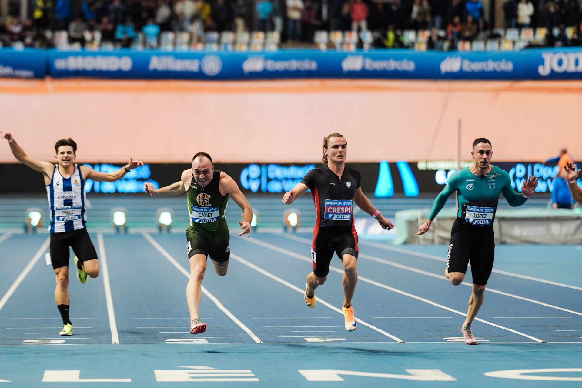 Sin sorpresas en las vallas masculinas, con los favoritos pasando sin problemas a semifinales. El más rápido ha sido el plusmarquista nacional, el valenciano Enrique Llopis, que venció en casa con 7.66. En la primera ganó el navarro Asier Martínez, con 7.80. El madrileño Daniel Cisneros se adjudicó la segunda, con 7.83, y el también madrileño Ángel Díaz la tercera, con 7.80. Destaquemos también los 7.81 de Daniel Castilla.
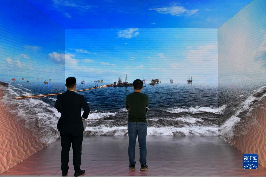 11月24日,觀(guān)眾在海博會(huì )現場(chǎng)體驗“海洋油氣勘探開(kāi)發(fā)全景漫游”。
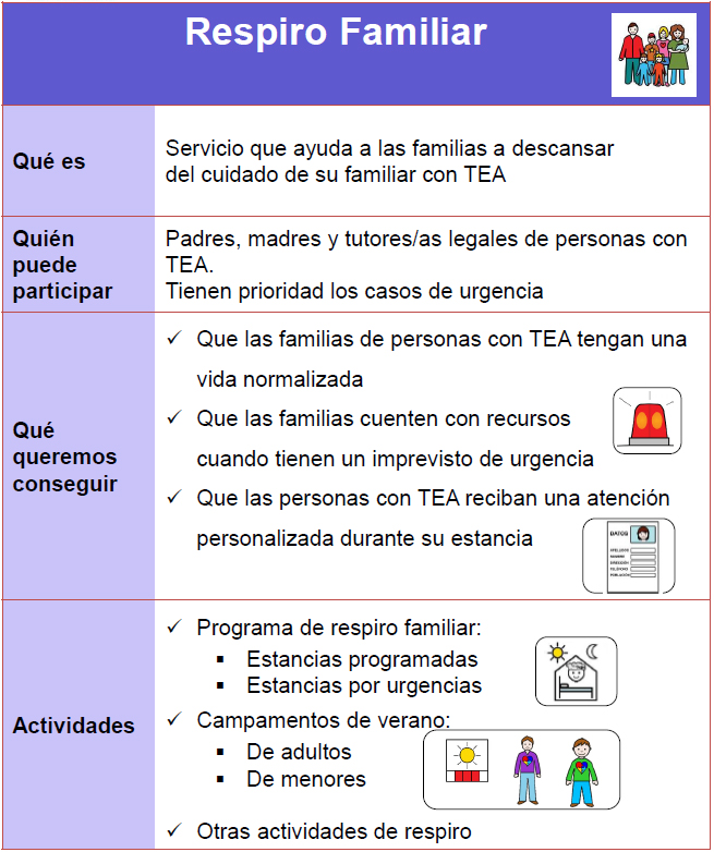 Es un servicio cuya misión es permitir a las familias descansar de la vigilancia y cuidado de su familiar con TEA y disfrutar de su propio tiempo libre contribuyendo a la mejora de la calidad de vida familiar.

● ● ●

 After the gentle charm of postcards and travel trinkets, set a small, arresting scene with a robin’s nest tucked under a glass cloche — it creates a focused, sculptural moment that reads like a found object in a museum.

● ● ●

### What you will do
Copy out the listing above from the line containing "Sin sorpresas en" to the line containing "Es un servicio", both included, exactly as written and minus the images.

### Task response
 Sin sorpresas en las vallas masculinas, con los favoritos pasando sin problemas a semifinales. El más rápido ha sido el plusmarquista nacional, el valenciano Enrique Llopis, que venció en casa con 7.66. En la primera ganó el navarro Asier Martínez, con 7.80. El madrileño Daniel Cisneros se adjudicó la segunda, con 7.83, y el también madrileño Ángel Díaz la tercera, con 7.80. Destaquemos también los 7.81 de Daniel Castilla.
 11月24日,觀(guān)眾在海博會(huì )現場(chǎng)體驗“海洋油氣勘探開(kāi)發(fā)全景漫游”。
 Es un servicio cuya misión es permitir a las familias descansar de la vigilancia y cuidado de su familiar con TEA y disfrutar de su propio tiempo libre contribuyendo a la mejora de la calidad de vida familiar.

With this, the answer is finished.